Histology of CGCG shows a lobulated mass composed of vascular connective tissue and multinucleated giant cells (osteoclasts). The giant cells may be diffusely located throughout the lesion or focally aggregate in the lesion, often clustered around hemorrhagic areas hemosiderin deposits. Lobules of the lesion can be separated by fibrous tissue or even thin layer of bone or osteoid that can be seen radiographically.

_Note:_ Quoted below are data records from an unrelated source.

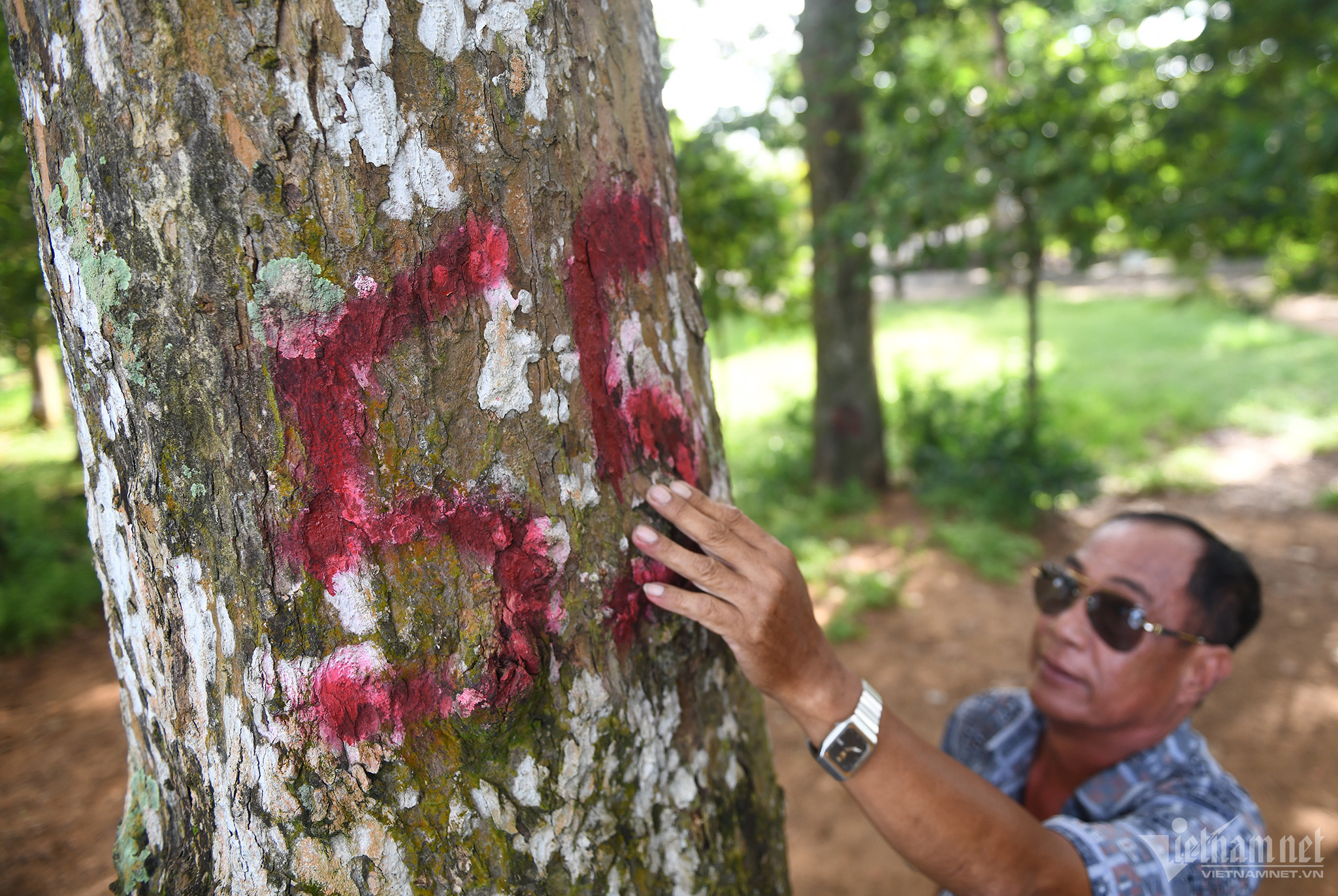 Những cây sao, cây dầu cổ thụ quanh ao được đánh số thứ tự để dễ quản lý.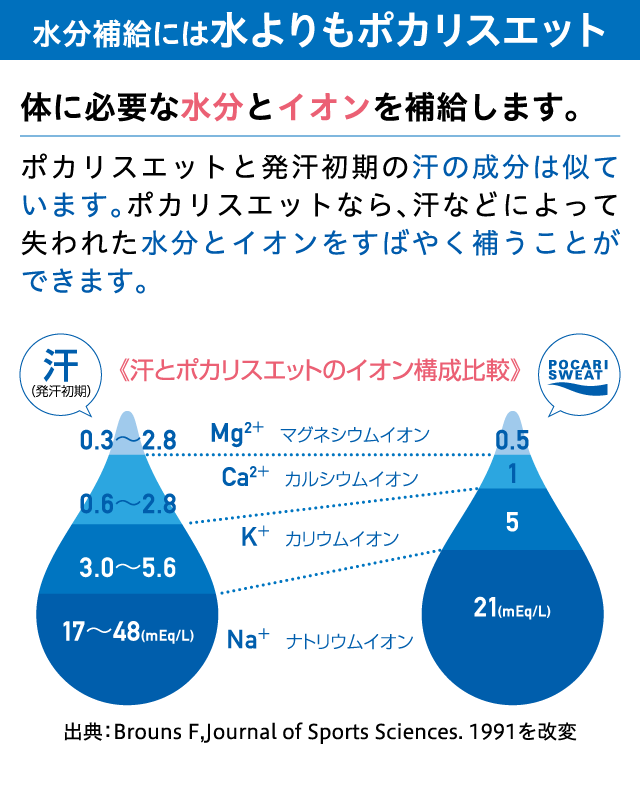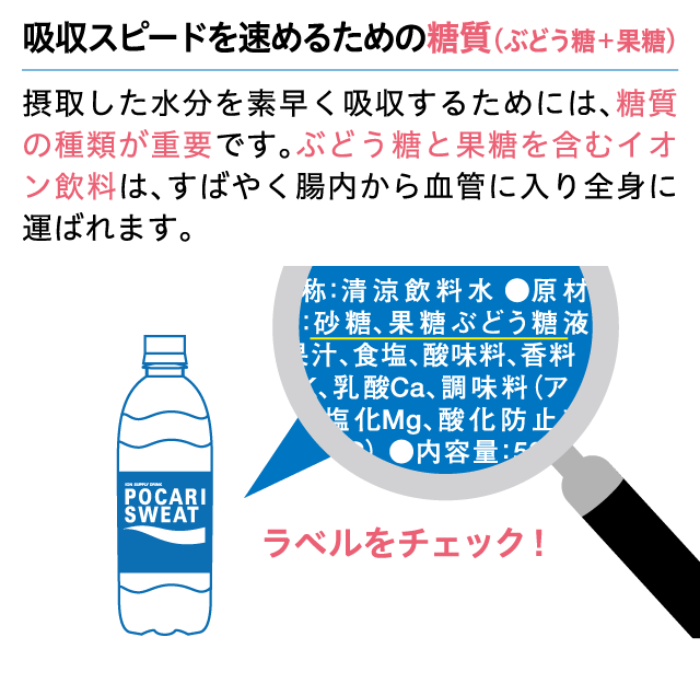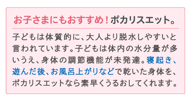 発汗により失われた水分、イオン(電解質)をスムーズに補給する健康飲料です。バッグに入れて便利に持ち運べるミニボトル。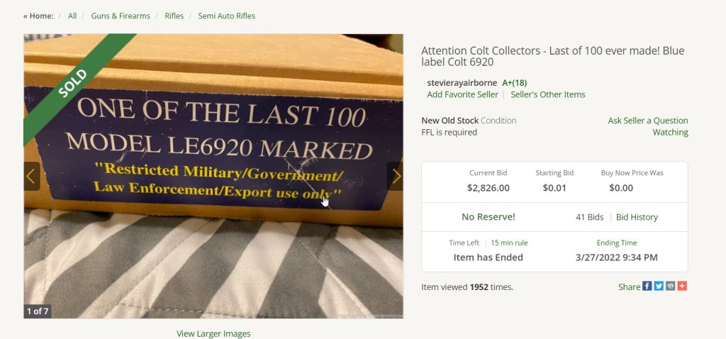 I feel very lucky that I was able to buy a used LE6940P a few years ago although it doesn’t have its box (sadly). People wonder why I buy mostly newer Colt carbines and rifles…prices like this for older examples are why.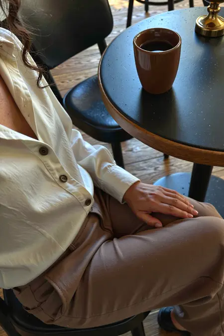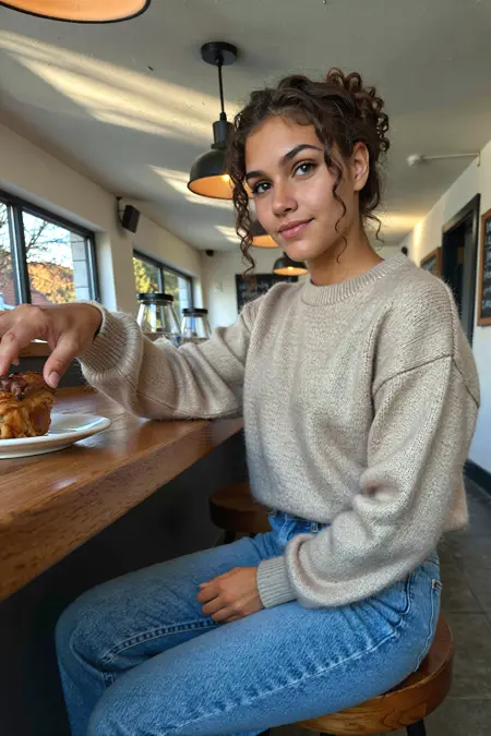Woman041,一张在温馨咖啡馆内拍摄的业余照片,晨光透过窗户洒入,她正啜饮拿铁,身穿宽松休闲上衣和牛仔裤,柔和温暖的光线,自然放松的氛围,写实摄影风格。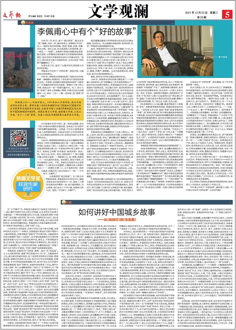 (本文發于中國作家網在《文藝報》所開設的“文學觀瀾”???,“茅盾文學獎獲獎作家研究”2021年12月22日第5版。)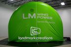 LM Wind Power Service & Logistics, a leading supplier to the wind turbine industry, built trust with customers through face-to-face marketing at events using this 17-foot custom inflatable q-hut.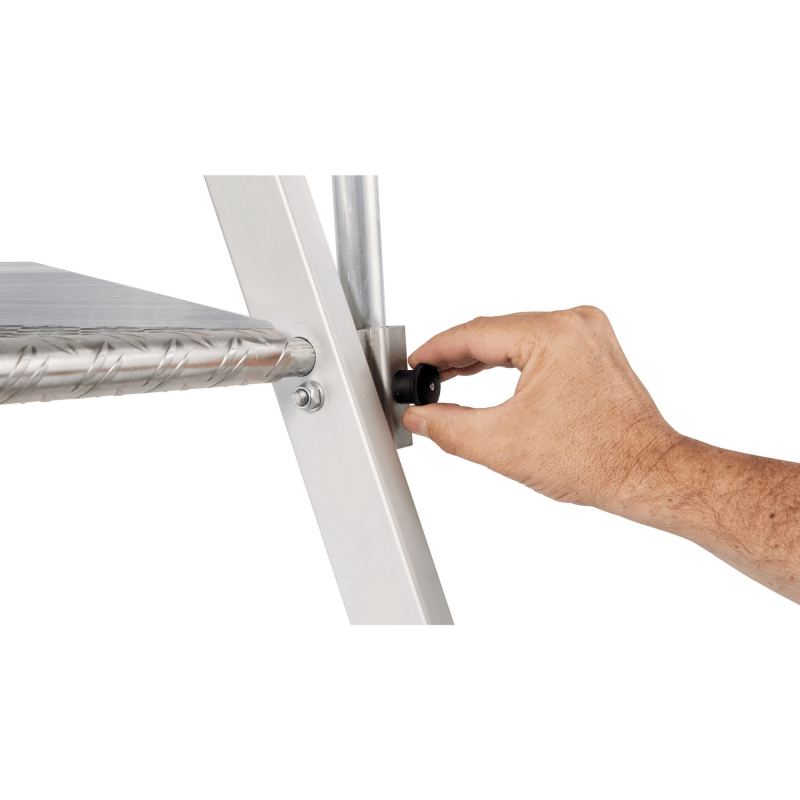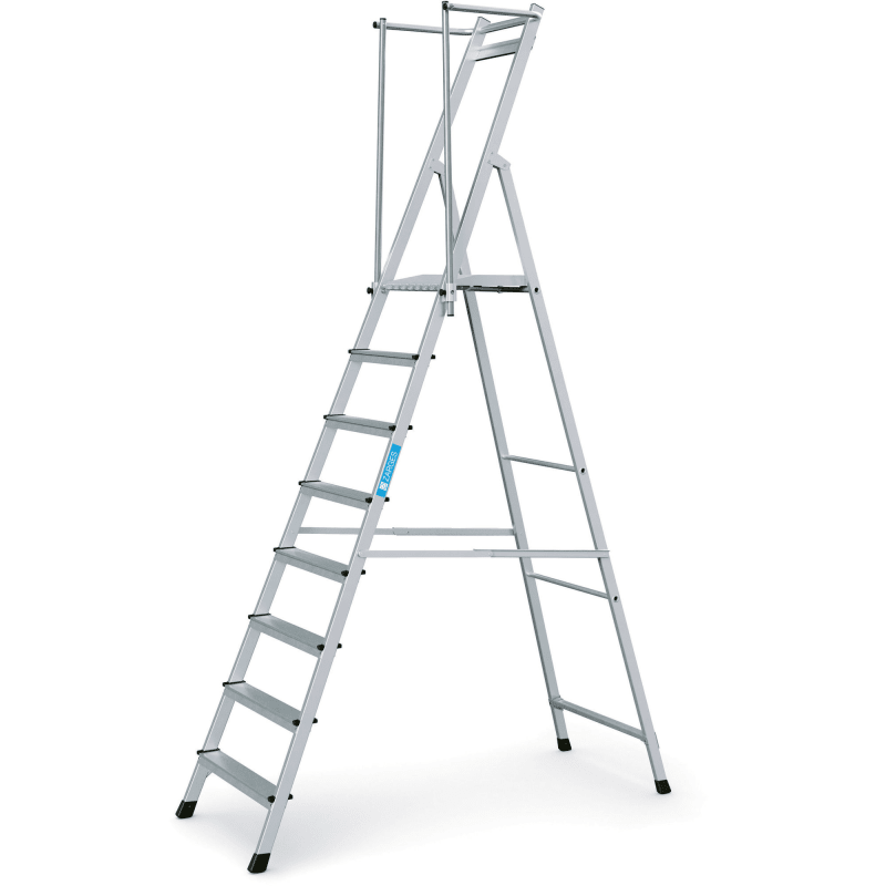 Die superleichte Plattformleiter: Leicht im Gewicht, handlich dank klappbarer Handläufe und komfortabel durch die große Plattform.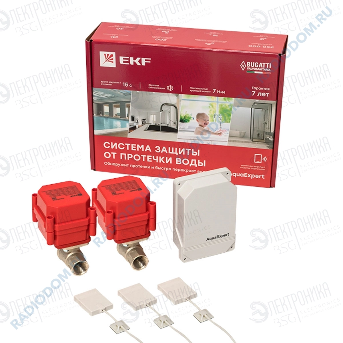 Система AquaExpert предназначена для автоматического отключения подачи воды и выдачи звукового оповещения при возникновении протечек воды в системах водоснабжения, отопления и канализации. При попадании воды на датчик блок управления выдаст сигнал на шаровые электроприводы для отключения подачи воды. Датчики протечки воды устанавливаются в местах вероятного появления воды: ванные комнаты, кухни, санузлы, душевые и тд.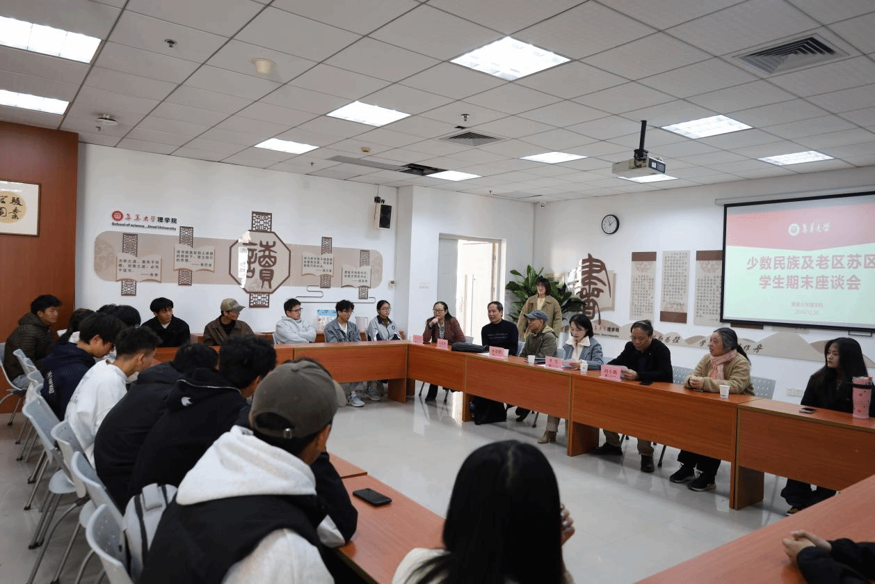 12月20日,理学院在章辉楼442召开少数民族及老区苏区学生期末座谈会。学院党委书记黄煜,院长宾红华,副院长刘小辉,教师代表徐恭勤、朱荣坤,教学科主任高海英,辅导员和23名少数民族及老区苏区新生等参加会议。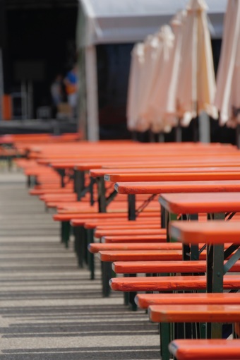Das Bild zeigt zusammengerückte Bierbänke in einem meschenleeren Biergarten oder auf einem Veranstaltungsgelände. Somit könnte es auch als Symbolbild für einen Lockdown verwendet werden. Das Bild ist unter CC0 lizenziert und kann somit frei verwendet werden.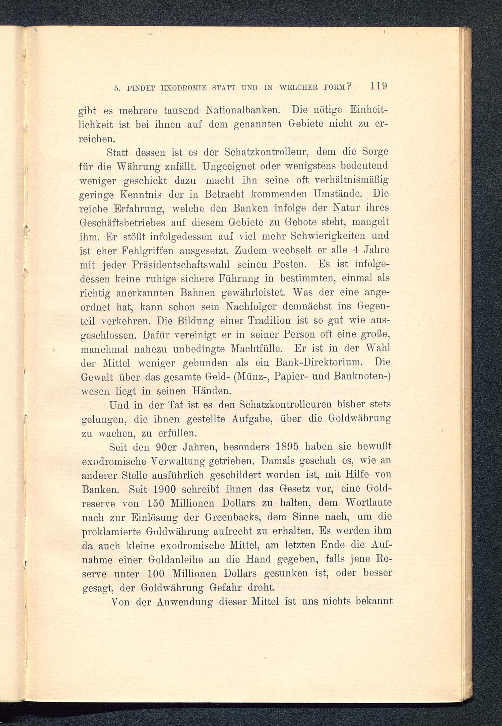 Seit den 90er Jahren, besonders 1895 haben sie bewußtexodromische Verwaltung getrieben. Damals geschah es, wie ananderer Stelle ausführlich geschildert worden ist, mit Hilfe vonBanken. Seit 1900 schreibt ihnen das Gesetz vor, eine Gold-reserve von 150 Millionen Dollars zu halten, dem Wortlautenach zur Einlösung der Greenbacks, dem Sinne nach, um dieproklamierte Goldwährung aufrecht zu erhalten. Es werden ihmda auch kleine exodromische Mittel, am letzten Ende die Auf-nahme einer Goldanleihe an die Hand gegeben, falls jene Re-serve unter 100 Millionen Dollars gesunken ist, oder bessergesagt, der Goldwährung Gefahr droht.

Giant cells are thought to form in response to signals produced by fibroblasts and blood vessels or as a response to cytokines.

=== Differential diagnosis ===

- Odontogenic keratocyst
- Ameloblastoma
- Odontogenic myxoma
- Hemangioma
- Central odontogenic fibroma
- Brown tumour of hyperparathyroidism
- Cherubism
- Aneurysmal bone cysts

== Treatment ==

The treatment for enlarged CGCG is usually thorough curettage. Recurrence ranges from 15%–20%, second curettage is sufficient to prevent further recurrence. Rapidly growing tumours are more likely to recur and can sometimes require full excision with surrounding bone. Large lesions can require en bloc resections.

Alternatives or adjuncts to surgery:

- Corticosteroids which convert lesions into fibrous tissue
- Calcitonin which slows growth
- Interferon α-2a which slow growth
- Bisphosphonates which slow growth

These therapeutic approaches provide possible alternatives for large lesions which can not go through immediate surgery or in children where facial growth following surgery might be affected. However, no significant differences have been found in the use of surgical and non-surgical methods for treating CGCGs. The long term prognosis of giant-cell granulomas is good and metastases do not develop.